Revolutionizing Survey Data Quality at the U.S. Department of Agriculture’s National Agricultural Statistics Service with IDEAL
Challenge: Survey data quality is crucial for any agency responsible for official statistics. At the U.S. Department of Agriculture (USDA) National Agricultural Statistics Service (NASS), improving survey data quality required hundreds of NASS analysts to spend hours hand-correcting survey responses and filling in missing data for more than 200 annual surveys. NASS faced significant challenges managing and improving survey data quality. Analysts were burdened with repetitive tasks such as replacing missing values with zeros and manually inputting data from one system to another. This process was time-consuming, inconsistent, and prone to errors.
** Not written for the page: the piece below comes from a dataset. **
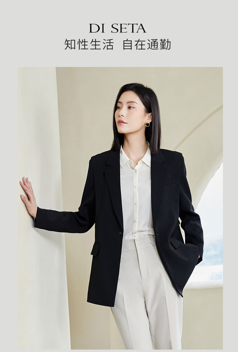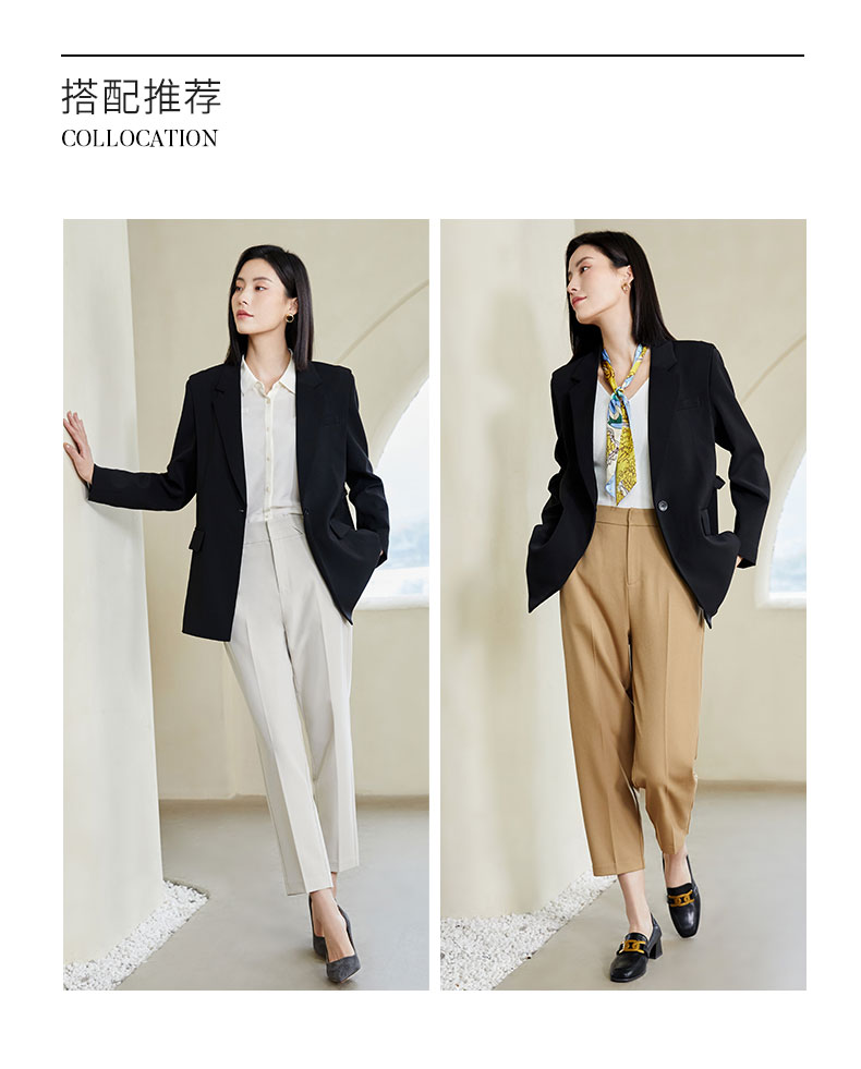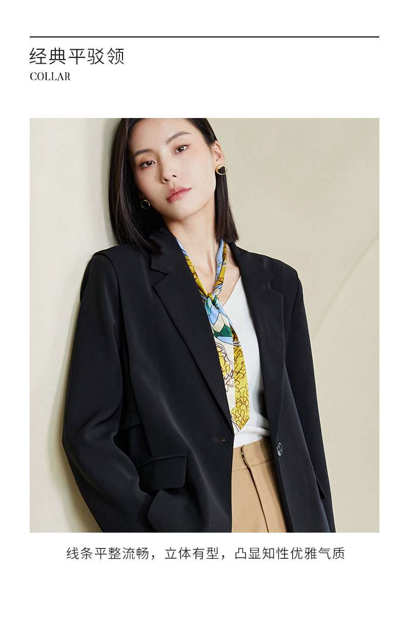 玳莎垫肩西装女2023春季新款分割设计可调节腰带宽松翻领外套 DA37303

Solution: Summit designed, developed, and implemented Imputation, Deterministic Edits, And Logic (IDEAL), an enterprise-wide application that automates the editing and imputation of survey responses as part of a once-in-a-generation modernization effort. IDEAL fills in missing data with probable values and resolves conflicting data with internally consistent values. The application includes a user interface that allows NASS to manage validation rules across multiple surveys. The IDEAL system was implemented using a robust and scalable technology stack:
-
- Open-source R packages: IDEAL leverages open-source R packages for statistical analyses, including a flexible estimation-maximization algorithm for imputation and a linear programming algorithm—developed by Statistics Netherlands—for error resolution.
- Cloud environment: IDEAL is deployed in USDA’s FedRAMP-compliant Azure Cloud environment, which ensures nationwide accessibility and the ability to handle computationally intensive tasks.
- Database services: IDEAL uses an on-premises Microsoft SQL Server database for initial data ingestion and Azure Data Factory for statistical analyses. The backend connects with the database via a web API, and the system includes an API exposed for providing details of the pipelines being run in Azure Data Factory.
- Cybersecurity: IDEAL includes role-based access controls to prevent unauthorized access, ensuring data privacy and cybersecurity.
Result: The development and deployment of IDEAL has been an overwhelming success. Within a short period, IDEAL matured from a proof of concept to a working prototype and was deployed to assist with the September 2024 Agricultural Product Survey. IDEAL improved the clean rate from a 50% baseline to 93% through automated edits, significantly reducing the time required by analysts.
In addition, IDEAL has received accolades for its success. Summit presented “Rule-Based Data Validation and Reconciliation of Survey Responses” at the 2023 Federal Committee on Statistical Methodology conference and showcased IDEAL at the 2024 Joint Statistical Meeting, highlighting NASS’s intellectual leadership.
The IDEAL project demonstrates Summit’s ability to deliver innovative solutions that enhance efficiency and accuracy in survey data management. By automating repetitive tasks and improving data quality, IDEAL allows NASS to redirect resources to high-value analyses, ultimately benefiting the entire agricultural sector with timely and accurate official statistics.